Sometimes the train would be accompanied by a self propelled crane which probably constituted a second section of the train, and once in a while, we would see a self propelled crane with a beat up gondola in tow.  I believe that train was used to pick up old ties that had been replaced and left by the side of the track.  And occasionally we would see an old GP-7 or GP-9 which was normally used in yard service or for local switching going down the line with a gondola but without a caboose.  This was in the days before FREDs so I am not sure how they handled the markers.  Perhaps they just used the ones on the rear of the locomotive, or perhaps being a work train, they did not need them.

Bottom line, while the Big Hook might sit on a back track and never move for months on end, its smaller cousins see a lot of use and you are much more likely to see one, with or without a gondola and/or a speeder plus trailer than you are to see a full fledged wreck train on its way to a major wreck.

Jim
Growing older is mandatory but growing up is optional.

buzz

Hi BaltoOhioRRfan
Typical MOW train mid sized locomotive and 1/2 dozen R/C ballast hoppers
same loco as above 1/2 dozen modified flat cars carrying rail.
Dependant on era may or may not have caboose in the case of steel train
caboose would be behind loco so it can be un-loaded.
If caboose era ballast train it may have a ballast plow then caboose
or caboose may be modified to be both plow and caboose.
Mow trains tend to be single function trains so a big job may require more than one train the only time you would see crew camp cars on a train is in transit.
They tend to be dropped at the closest convenient siding plugged into power  water and sewerage and not on a working train these day's where ever possible crew trains are not used and the crews put in hotels.
Most per way gangs have trucks so even the tool cars don't get much use
unless a workshop car is part of the camp
regards John
A model railway can be completed but its never finished

bandmguy

 The railroad would only use what they needed.
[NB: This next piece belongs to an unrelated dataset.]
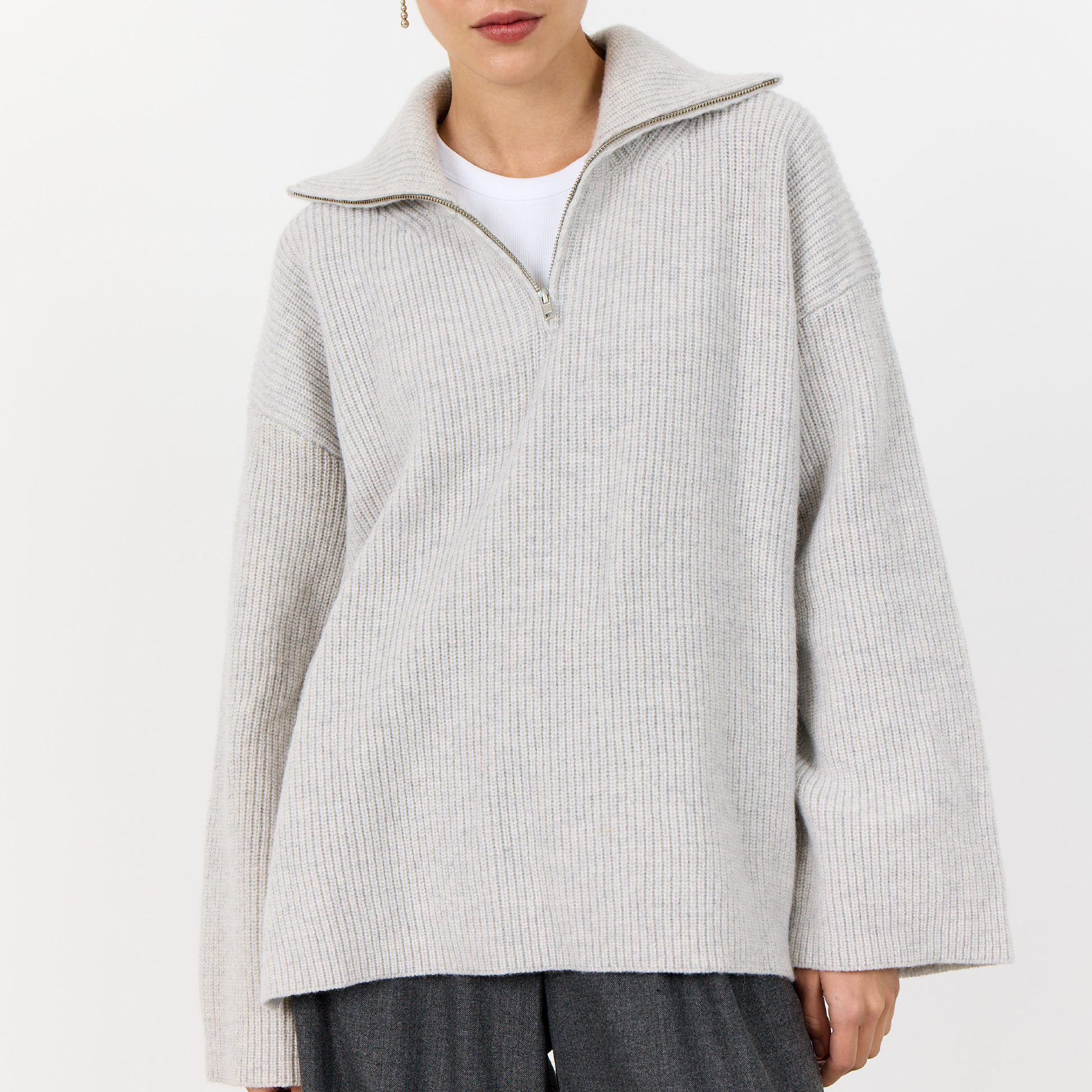 Blød og skøn strik med lynlås fra Levete, i den blødeste uld- og cashmereblanding.

Keeping it simple was economic.


Doneldon

#6
Jim-

You are absolutely right.  I've seen lots of railroad cranes -- every road needs them nearby -- but I've never seen one under way.  Lots of speeders, mostly in the past as there are roads, using the term loosely, adjacent to most tracks so mow crews can get there by truck.  That's both quicker and safer.  However, something bothers me about seeing trucks running down the dirt roads to work on the rails.  It seems incongruous and unpleasantly ironic.  Even sad, like the trucks and roads have won and the railroads can only exist because the trucks let them.
                                                                                                    -- D

RAM

Few if any rialroads still have wrecking cranes.  The smaller mow cranes are still common.  How ever cranes on truck with couplers on the back are making inroads.

Jim Banner

This video gives some idea of what a modern MOW train uses to maintain the track.

http://www.youtube.com/watch?v=qFE8nmKpmXY

Jim
Growing older is mandatory but growing up is optional.

Guilford Guy

Quote from: bandmguy on July 07, 2010, 02:58:48 AM
The railroad would only use what they needed. Keeping it simple was economic.

Kind of amusing that that railroad still uses a pair of big hooks, while almost, if not all other railroads have gotten rid of them.

http://photos.nerail.org/showpic/?2010042219135126285.jpg
It's difficult to see in this picture, but there is a bunk car, 2 tool/supplies cars, the 2 big hooks and accompanying flat cars, a couple more tool/supplies cars, and another bunk car. (They combined the 2 wreck trains for this scenario)

Old Baggage Cars, troop sleepers(converted into a boxcar in this case), and coaches are often found in MOW service. Older boxcars, flatcars, and gondolas were also fairly common.